Lets deconstruct it.

(a) Select for examples where white men (who the tech media has generally
decided are evil and always are a problem) have failed in business (b) Now we
will identify these people with a codeword (tech bro) because we can't
actually say "aggressive white men" without being overtly racist (c) Now lets
generalize and blame all the problems of the entire industry on these evil
white privileged males who the media has decided to demonize (d) Conclusion:
White men aka tech bros are the root of all problems in Silicon Valley and
must be controlled and stopped because they are bad human beings, all of them!

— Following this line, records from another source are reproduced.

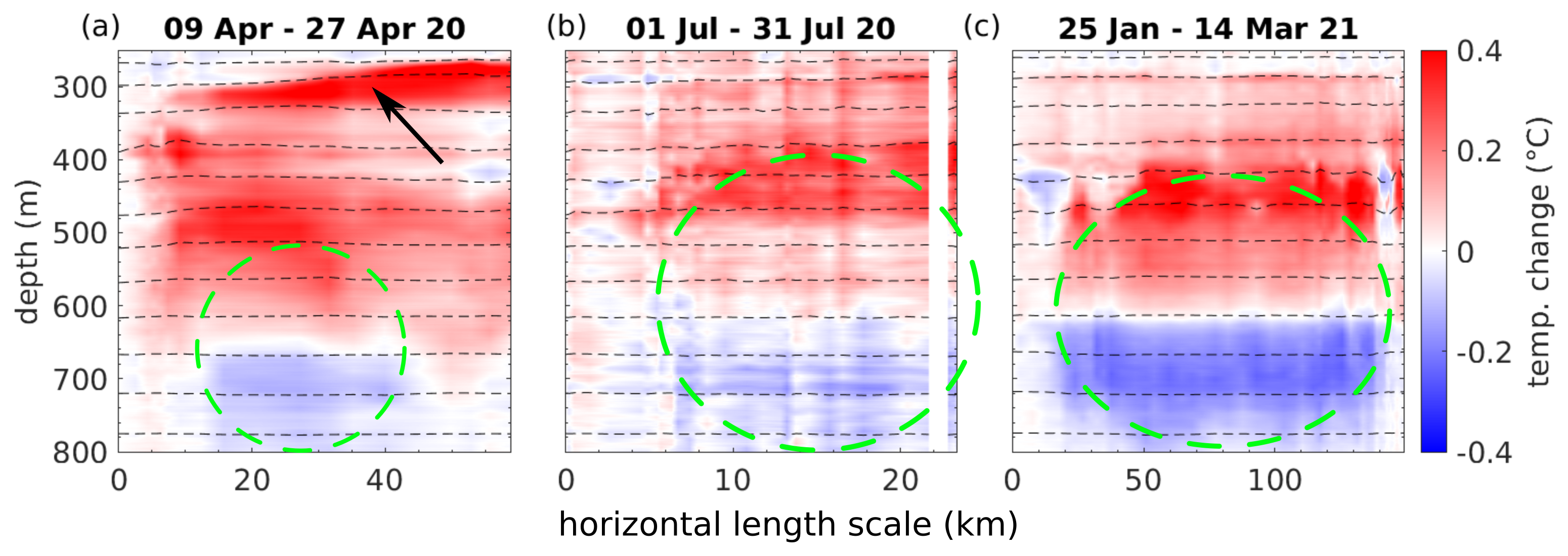 Figure 8Temperature anomalies over time for three distinct periods. Each panel shows the deviation from the first profile in the respective period. The color scale represents the magnitude of temperature change, with negative values indicating cooler temperatures at depth and positive values indicating warmer temperatures above ∼ 600 m depth. The x axis reflects the distance traveled by features advecting through the water column, based on Aquadopp current speed measurements, available during the first three events. Dashed black lines show isopycnals. The black arrow in panel (a) shows warming in the shallowest layer discussed in the text. Dashed green circles show the identified features.
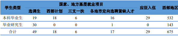 选调生49人,基层、应征入伍、西部地区就业情况:
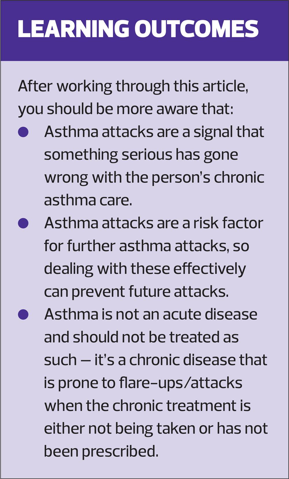 In summary, it is really time for nurses to take a lead in improving asthma care in primary care in the UK. This article has focused on dealing with the major problem to start with – too many people are suffering from poor asthma control and dangerous, distressing attacks. By ensuring attacks are dealt with in accordance with latest guidance to ensure they resolve completely, followed by detailed timely post-attack reviews rather than performing routine annual reviews which may be done on a day when the person’s asthma is well controlled, nurses have an opportunity to end a lot of patient suffering. Then by initiating and implementing a systematic practice approach to deal with all asthma attacks as significant events everyone could benefit – patients as well as practice staff.
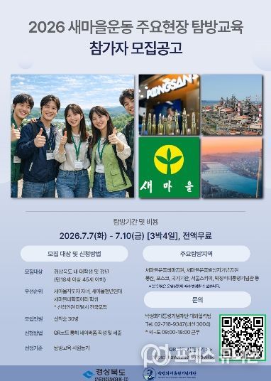 프레스유니온 강찬희 기자 | 경상북도와 박정희대통령기념재단은 청년세대의 새마을운동에 대한 이해도를 높이고 가치 확산을 위해 ‘2026 새마을운동 주요현장 탐방교육’을 운영하고 참가자를 모집한다.
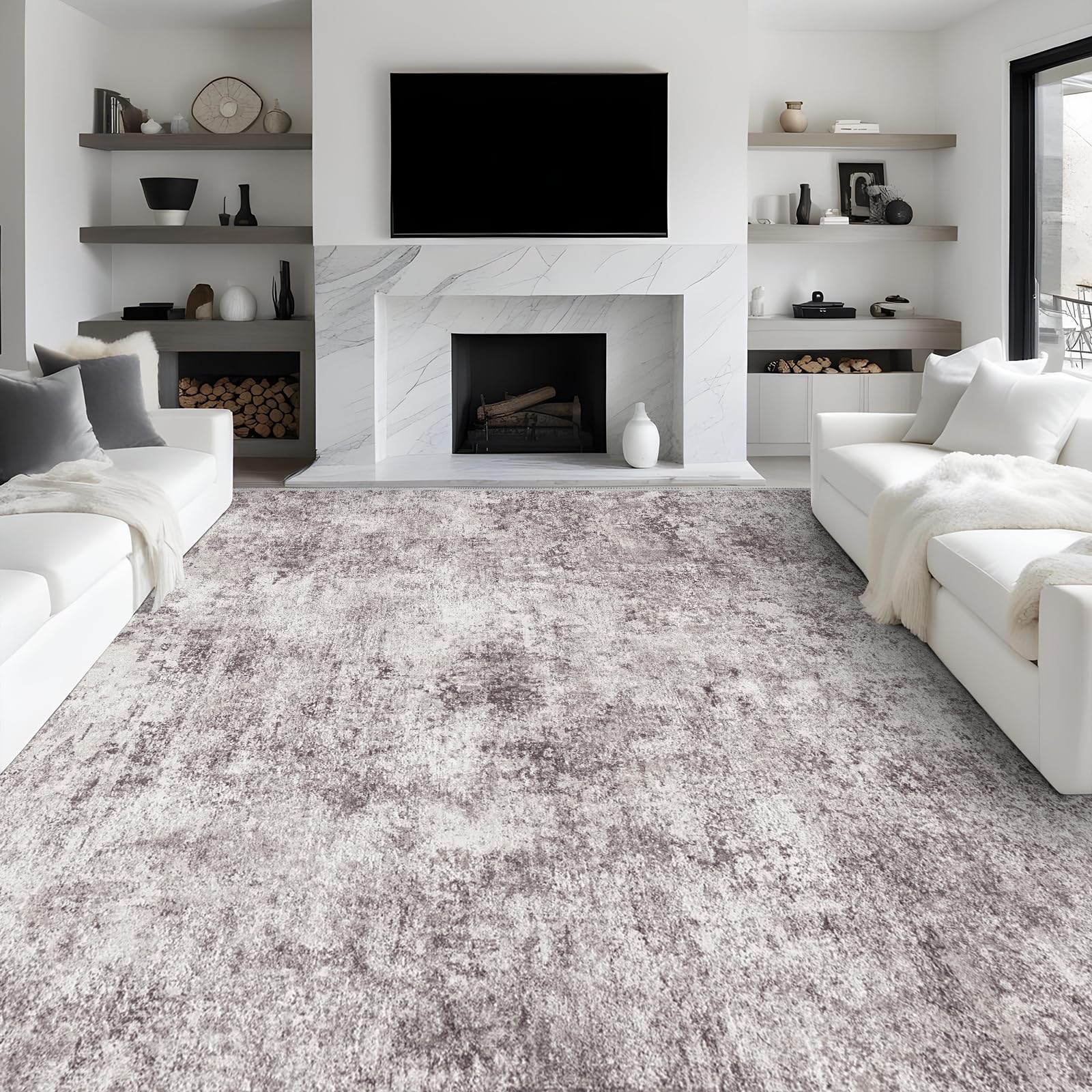 Abstract Washable 9x12 Rug: Ultra Non-Slip Soft Carpet for Living Room & Bedroom Decor - Distressed, Stain Resistant, Fo

Once you see through the superficial dressing the underlying logic is
hilarious.

If you read a lot of media you start to see the patterns. Over and over again
the urge is to blame the nearest convenient white male CEO for whatever
problem just happened. Donald Trump got elected? Lets blame Zuckerberg for
fake news. Then lets blame Peter Thiel and then Sam Altman. Note: All white
men in positions of power.

In reality:

People get rich frequently in Silicon Valley by being assholes, taking other
people's property, customers, business, employees. We call this system
"capitalism."

YouTube grew enormous on the back of pirated content. Alibaba and Amazon
profit tremendously from counterfeit products. Steve Jobs and Bill Gates spent
their careers suing, back-stabbing and stealing ideas form one another and
those around them.

Don't even get me started about Larry Ellison.

Capitalism is not really nice, get over it.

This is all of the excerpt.